The left-to-right mark (LRM) is a control character (an invisible formatting character) used in computerized typesetting (including word processing in a program like Microsoft Word) of text containing a mix of left-to-right scripts (such as Latin and Cyrillic) and right-to-left scripts (such as Arabic, Syriac, and Hebrew). It is used to set the way adjacent characters are grouped with respect to text direction.

Unicode 

In Unicode, the LRM character is encoded at . In UTF-8 it is E2 80 8E. Usage is prescribed in the Unicode Bidi (bidirectional) algorithm.

Example of use in HTML
Suppose the writer wishes to use some English text (a left-to-right script) into a paragraph written in Arabic or Hebrew (a right-to-left script) with non-alphabetic characters to the right of the English text. For example, the writer wants to translate, "The language C++ is a programming language used..." into Arabic.

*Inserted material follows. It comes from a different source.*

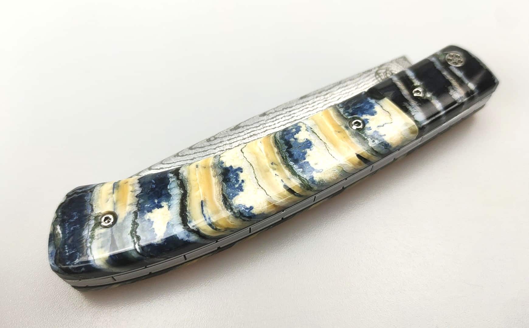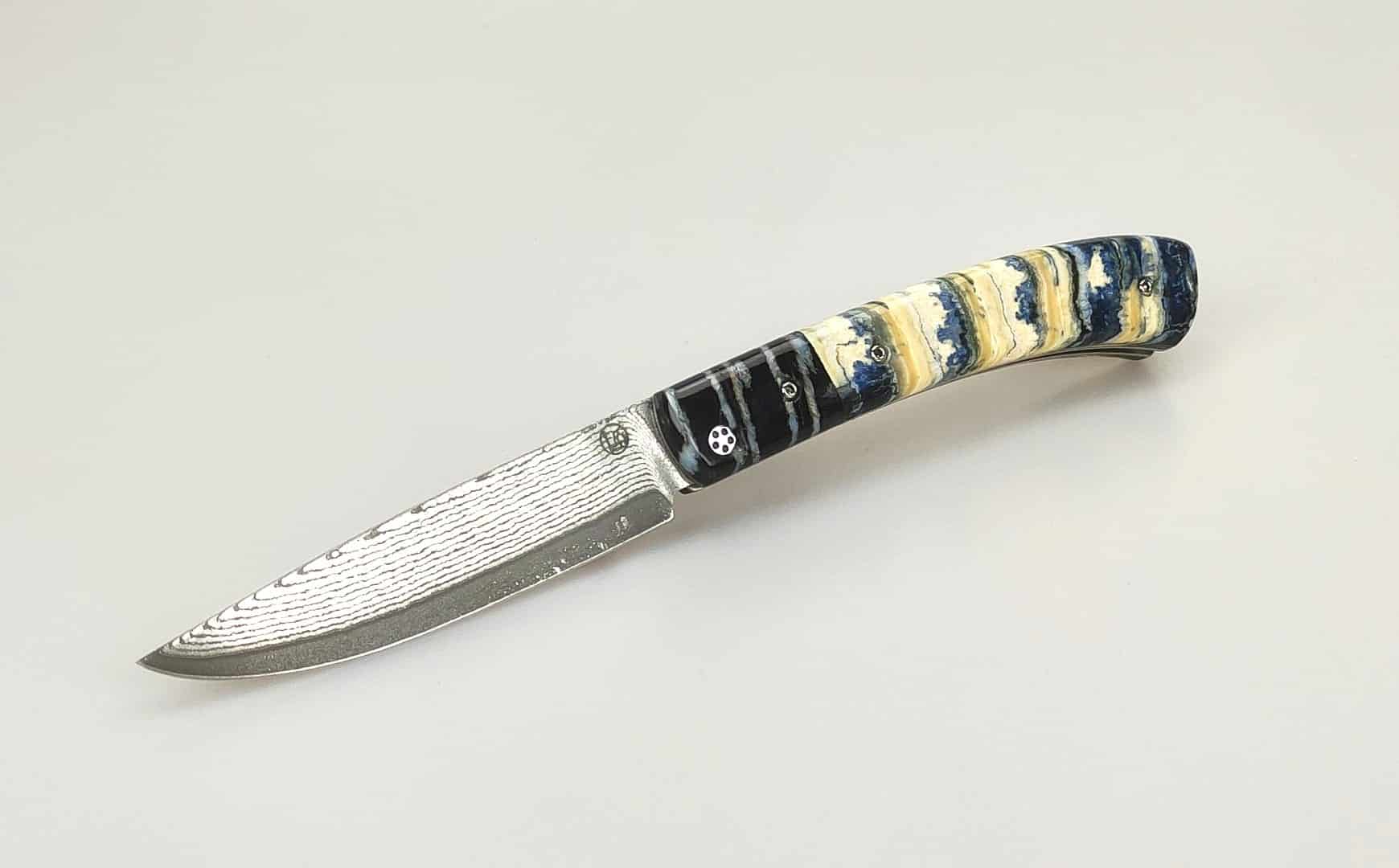 Le Pastelier cran plat Damas Japonais VG10 67 couches, mitres et manche en Molaire de mammouth stabilisé
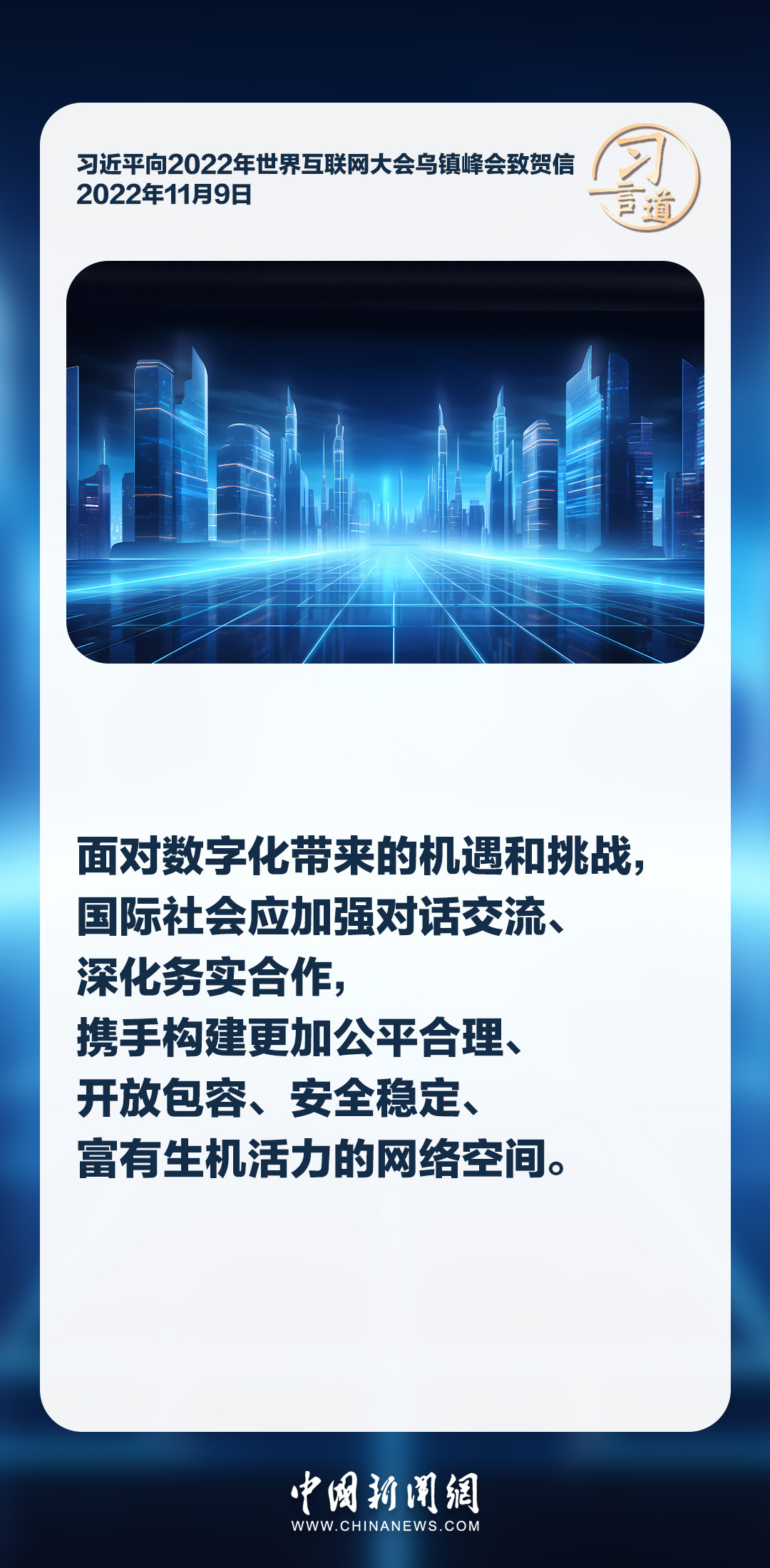 信息革命時(shí)代潮流浩蕩前行,網(wǎng)絡(luò)空間承載著人類(lèi)對(duì)美好未來(lái)的無(wú)限憧憬。習(xí)近平主席多次強(qiáng)調(diào)各國(guó)應(yīng)該共同構(gòu)建網(wǎng)絡(luò)空間命運(yùn)共同體,推動(dòng)網(wǎng)絡(luò)空間互聯(lián)互通、共享共治,為開(kāi)創(chuàng)人類(lèi)發(fā)展更加美好的未來(lái)助力。

Without an LRM control character, the result looks like this:

لغة C++ هي لغة برمجة تستخدم...

With an LRM entered in the HTML after the ++, it looks like this, as the writer intends:

لغة C++‎ هي لغة برمجة تستخدم...

In the first example, without an LRM control character, a web browser will render the ++ on the left of the "C" because the browser recognizes that the paragraph is in a right-to-left text (Arabic) and applies punctuation, which is neutral as to its direction, according to the direction of the adjacent text. The LRM control character causes the punctuation to be adjacent to only left-to-right text – the "C" and the LRM – and position as if it were in left-to-right text, i.e., to the right of the preceding text.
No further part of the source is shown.